E-Discovery Law Alert Blog

Don’t Ask For Too Much: Court Strikes Balance in Addressing Dispute Over Discoverability of Social Media

Don’t Ask For Too Much: Court Strikes Balance in Addressing Dispute Over Discoverability of Social Media

In a recent case, Magistrate Judge Mark L. Carman of the United States District Court for the District of Wyoming reminds practitioners that requests for social media data still must be relevant and proportional to the dispute.
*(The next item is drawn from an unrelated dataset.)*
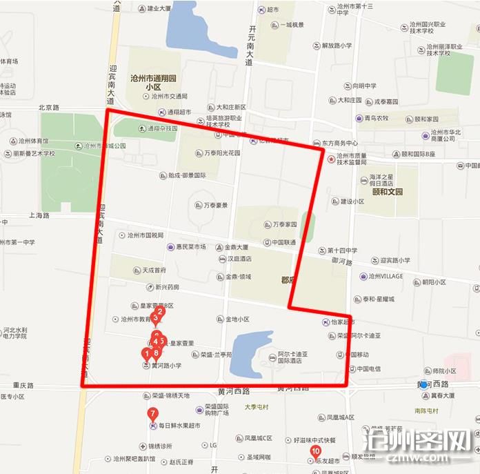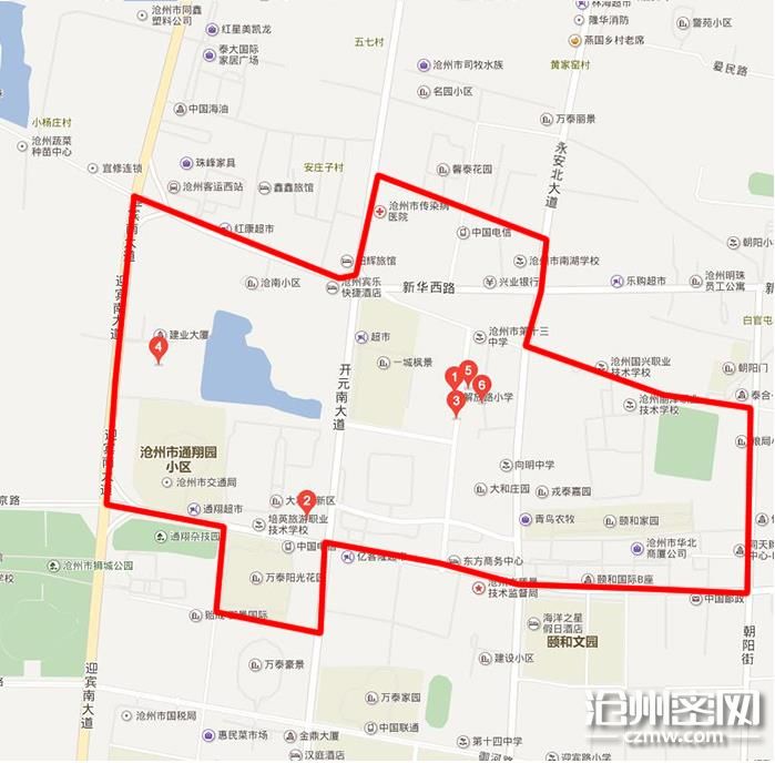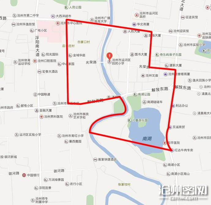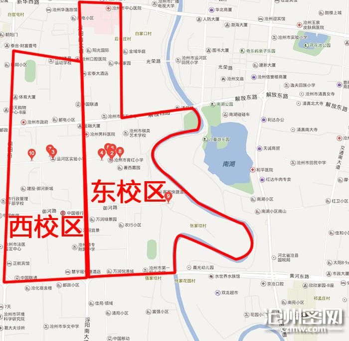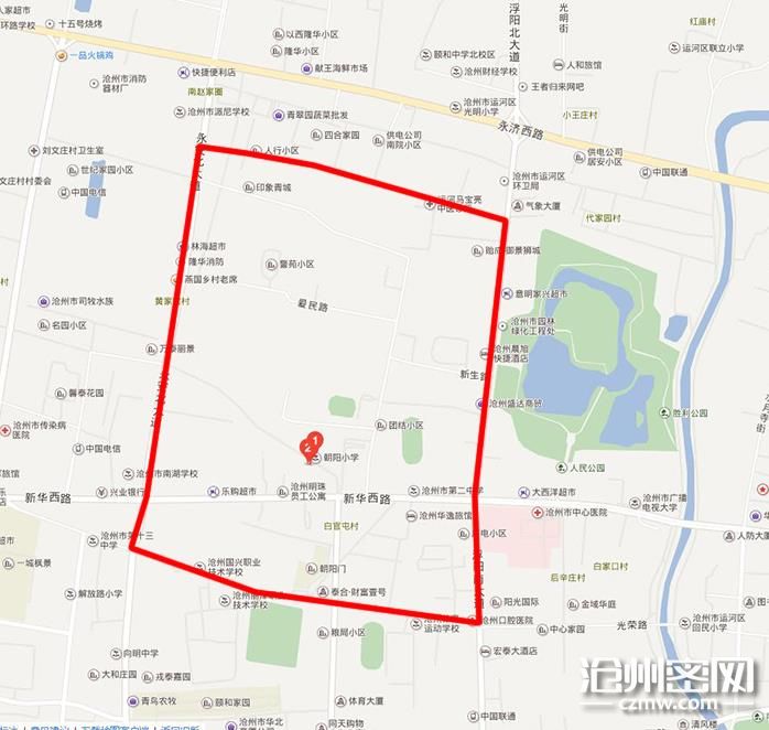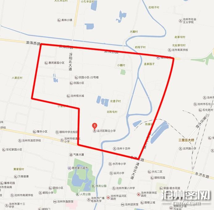 回民小学:运河以东,东至清池大道,南至南川楼村,北至新华路。运河以西,南至解放路,西至浮阳大道,北至新华路。

In this auto accident case, the Court found a balance between the need for defendants to determine whether a plaintiff is lying or exaggerating and the possibility that allowing defendants too much leeway in seeking social media could dissuade injured plaintiffs from pursuing legitimate claims for fear of humiliation and embarrassment. Plaintiff alleged she sustained physical injuries, traumatic brain injury, posttraumatic stress disorder, anxiety, and depression. In an extraordinarily broad discovery request, defendant requested that plaintiff produce “an electronic copy of your Facebook account history.” Plaintiff downloaded and produced information from her Facebook accounts gathered by using several keyword search terms. However, plaintiff refused to produce her entire Facebook archive, and defendant moved to compel. The Court explained that “[s]ocial media presents some unique challenges to courts” in determining the proper scope of discovery. In particular, Judge Carman explained: “People have always shared thoughts and feelings, but typically not in such a permanent and easily retrievable format. No court would have allowed unlimited...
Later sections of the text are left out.